Но, думая так, я был жестоко несправедлив к честному малому, о чем потом очень жалел. Подозрительность моя с каждым днем возрастала, а сделавшись осторожнее, я, естественно, начал чуждаться Пятницы и стал к нему холоднее. Так продолжалось несколько недель, но, повторяю, я был совершенно неправ: у этого честного, добродушного малого не было и в помышлении ничего дурного; он не погрешил тогда против правил христианской морали, не изменил нашей дружбе, в чем я и убедился наконец, к великой своей радости.
Пока я подозревал его в злокозненных замыслах против меня, я, разумеется, пускал в дело всю свою дипломатию, чтобы заставить Пятницу проговориться; но каждое его слово дышало такою простодушной искренностью, что мне стало стыдно моих подозрений; я успокоился и вернул свое доверие моему другу. А он даже не заметил моего временного к нему охлаждения, и это было для меня только лишним доказательством его искренности.
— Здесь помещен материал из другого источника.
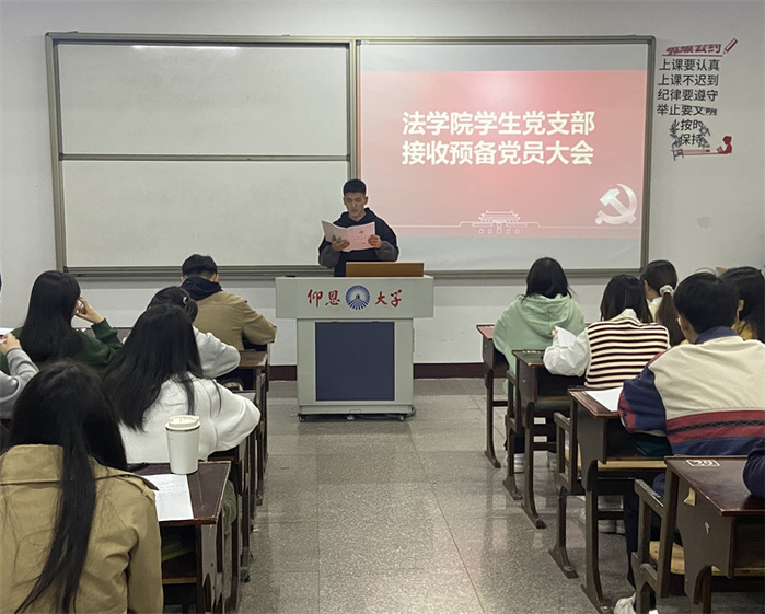 会议伊始,吴姗姗介绍发展党员工作程序。随后,九名发展对象依次发表入党志愿后,入党介绍人对同志们在思想、学习和工作上的表现进行介绍,并发表是否同意其入党的意见。经过无记名投票与会党员一致认为,卓洁萍等九名发展对象已基本具备党员条件,同意接收卓洁萍等九名同志为中共预备党员。卓洁萍等九名同志一致表示,将坚守自身入党的信念,在今后的学习生活中以党员标准严格要求自己,为党的事业不断奋斗。会议最后一项,九名预备党员面向党旗庄严宣誓,以有力的誓词表达奉献党组织的坚定信念。
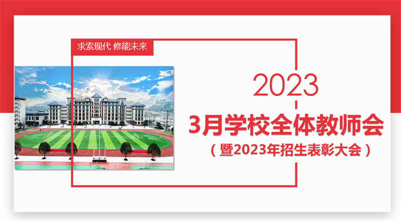 3月13日,学校召开三月全体教师大会,就招生工作、宣传工作、教学工作进行总结和新一轮的部署。现代教育集团董事长田水荣、副董事长朱宗桥、总经理胡一杰、校长李朝晖、副校长肖飞、事业发展部部长吴可、副部长刘春红与会。

Однажды, когда мы с Пятницей опять поднялись на этот самый холм (только в этот раз на море стоял туман и берегов материка не было видно), я спросил его:
— А что, Пятница, хотелось бы тебе вернуться на родину к своим?
— Да, — отвечал он, — я был бы много рад воротиться к своим.
— Что ж бы ты там делал? — продолжал я. — Превратился бы опять в дикаря и стал бы, как прежде, есть человеческое мясо?
Его лицо приняло серьезное выражение; он покачал головой и ответил:
— Нет, нет! Пятница сказал бы там им всем: живите хорошо, молитесь богу, кушайте хлеб, козлиное мясо, молоко, не кушайте человека.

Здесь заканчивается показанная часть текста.